The simularity of the Dead Sea Scrolls OT texts and the medieval Hebrew texts used in most of the earlier English Bible translations suggest that those medieval texts were probably pretty good, with only minor scribal errors and nothing in them that dramatically changed religious doctrine. And some New Testament texts from late antiquity have been discovered and used to make small corrections to the text in some of the newer English translations.
The 'Q' thing is an entirely different kind of problem in my opinion. It's not a simple question of manuscript transmission of received texts. With 'Q' we are facing new issues of editing, authorship and theological motivation.
The problem there is that our only knowledge of Jesus comes to us through the New Testament.

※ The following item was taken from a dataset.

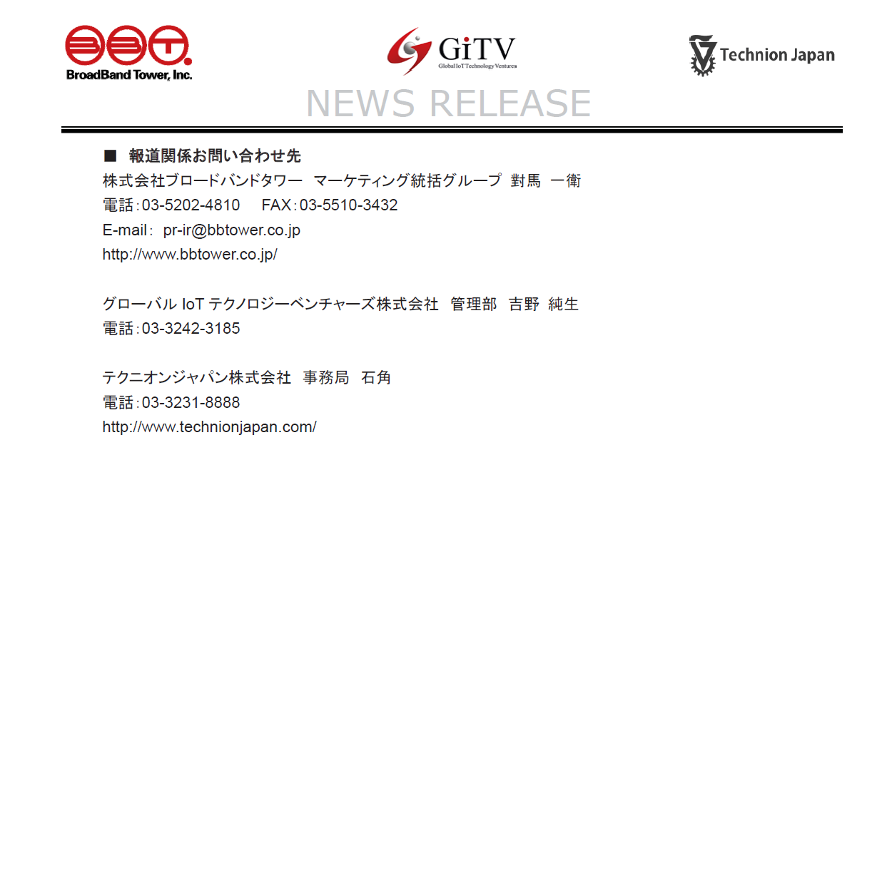 Technion Japanは藤原洋様代表の株式会社ブロードバンドタワー及び株式会社インターネット総合研究所と業務提携し、下記の通りの記者発表を行いました。

And the NT is the product of Paul's churches and the Christian church that subsequently grew out of them and embraced the Pauline doctrines as orthodoxy. What we have today was written to preach those doctrines and that's why it was subsequently copied and preserved. The question is whether the NT accurately presents Jesus as he actually was or whether it kind of re-writes him to suit a theology.
The probable existence of an early 'Q' document (from the German word for 'source') suggests that there were already collections of Jesus' sayings in circulation in the broader Christian sect beyond Paul's churches. Unfortunately 'Q' hasn't survived. (The question arises, why not?) But we do have the later non-canonical Gospel of Thomas that seems to have been based on some earlier 'Q'-like collection of Jesus' sayings and contains significant differences from the four canonical gospels. Just based on evidence like that, there seems to have been quite a bit of internal diversity among the early Christians. There were apparently more than one of these 'sayings gospels' of Jesus' supposed words in circulation and there do seem to have been significant variations between them. It's apparent that lots of editing and redacting were going on in the earliest years of Christianity as the earliest texts that survive today were being composed. The situation might have been a lot more open and fluid then than it would become in later years. Unfortunately, very little information about those formative events has survived.